Supportive care is also critical to treating MM; “Even though we have all these fancy, effective drugs,” said Kumar, “supportive care still plays an important role in multiple myeloma.” All patients receiving primary care, he said, should be given bisphosphonates or denosumab, and the clinician should monitor for renal dysfunction and osteonecrosis of the jaw with the use of bisphosphonates. Hydration and bisphosphonates (preferably in the form of zoledronic acid) can be used in case of hypercalcemia, plasmapheresis can be used for symptomatic hyperviscocity, and erythropoietin may be used in cases of anemia. To guard against thrombosis, “I think it’s important to make sure these patients are on a full dose of aspirin.” said Kumar.

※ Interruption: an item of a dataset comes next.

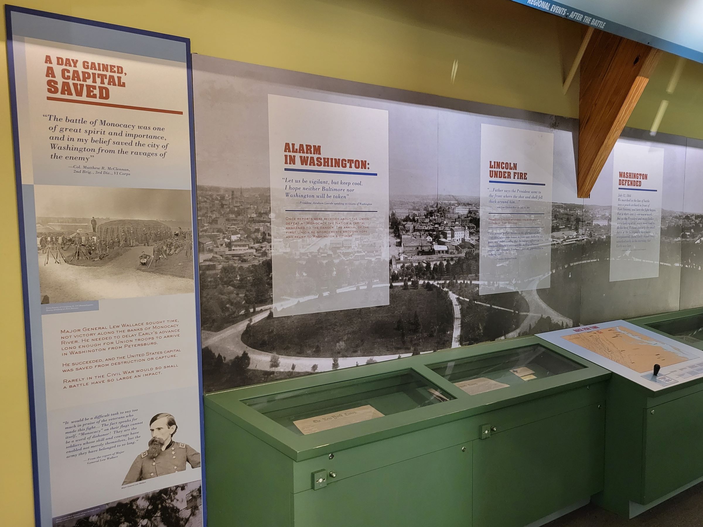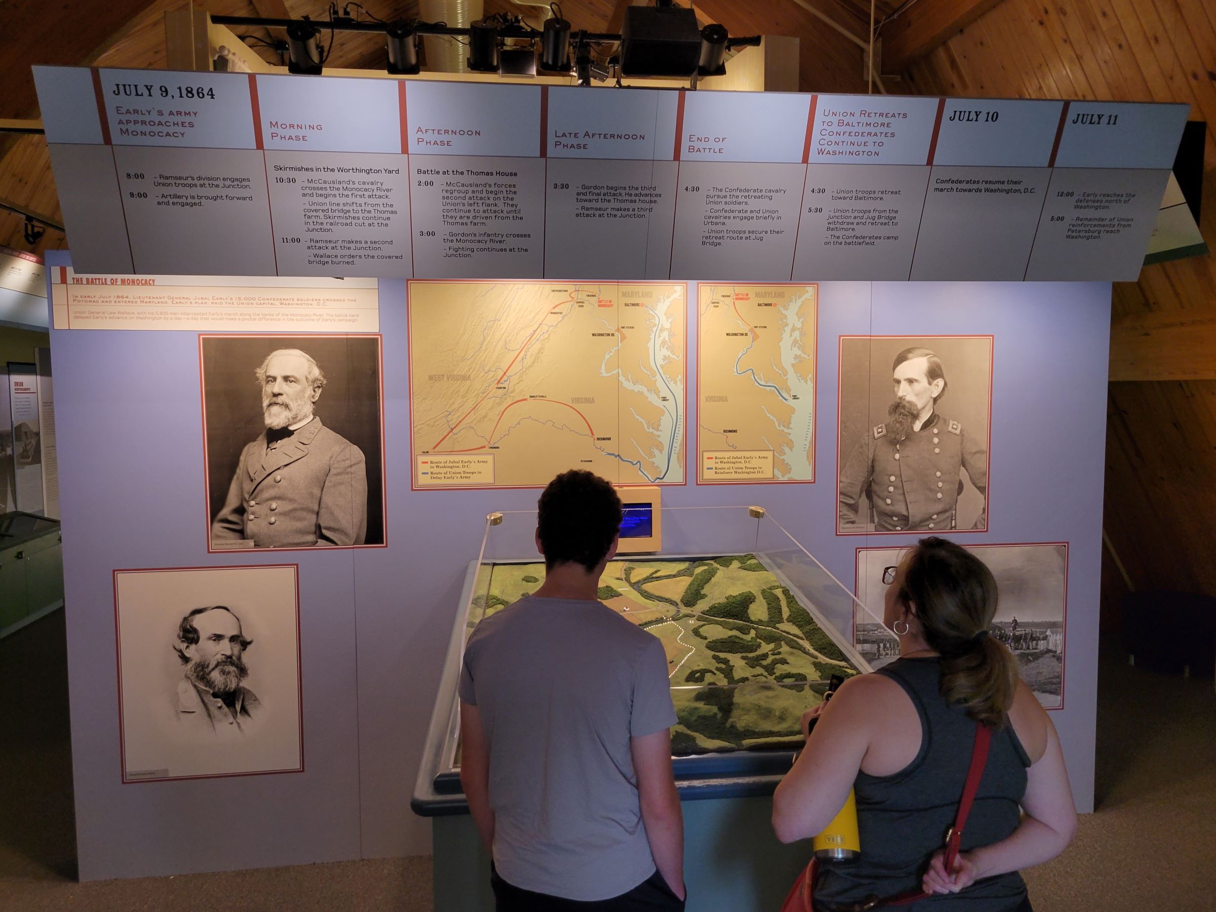 안내판 오른쪽의 마름모 모양 지도에 회색으로 표시된 경로로 우회한 얼리(Early)의 남군 15,000명이 7월 9일에 이 곳에서 루 월러스(Lew Wallace) 소장이 이끄는 북군 6,600명과 전투를 벌였다. 월러스는 대부분 전투 경험이 없는 신병 3,200명을 데리고 볼티모어에 주둔하고 있다가, 북군 총사령관 그랜트가 급히 보낸 3,400명과 함께 허겁지겁 도착해서 두 배가 훨씬 넘는 적군과 싸우게된 것이었다.
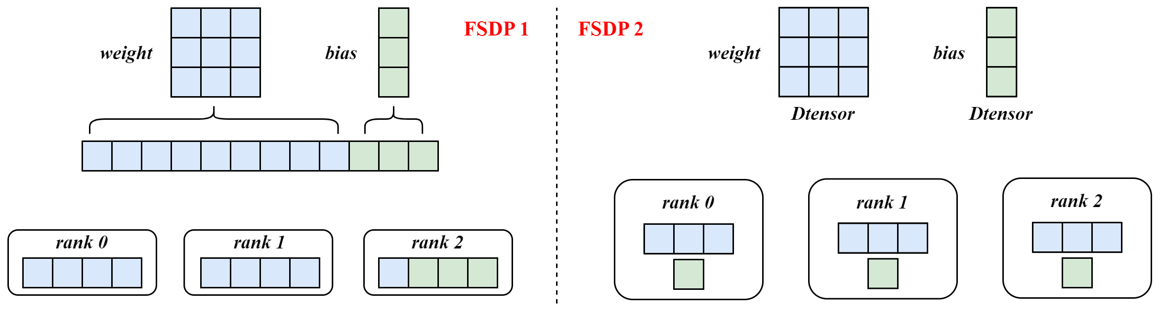 以nn.Linear(3, 3)为例,weight的shape是(3, 3),bias的shape为(3, )。在FSDP1上,weight和bias被展平、拼接、填充为1D张量,用于参数分片和通信;而在FSDP2上,weight和bias都沿着dim=0进行切分,由DTensor进行管理。

Finally, the clinician should screen for infection, provide intravenous immunoglobulin therapy in life-threatening infections, and prophylaxis against pneumonia, herpes, and fungal infections may be warranted. To maintain renal function, contrast should be avoided in imaging, and a renal biopsy may be clinically indicated.


1. Attal M, Lauwers-Cances V, Hulin C, et al. Lenalidomide, bortezomib, and dexamethasone with transplantation for myeloma. N Engl J Med 2017;376:1311-1320. doi: 10.1056/NEJMoa1611750.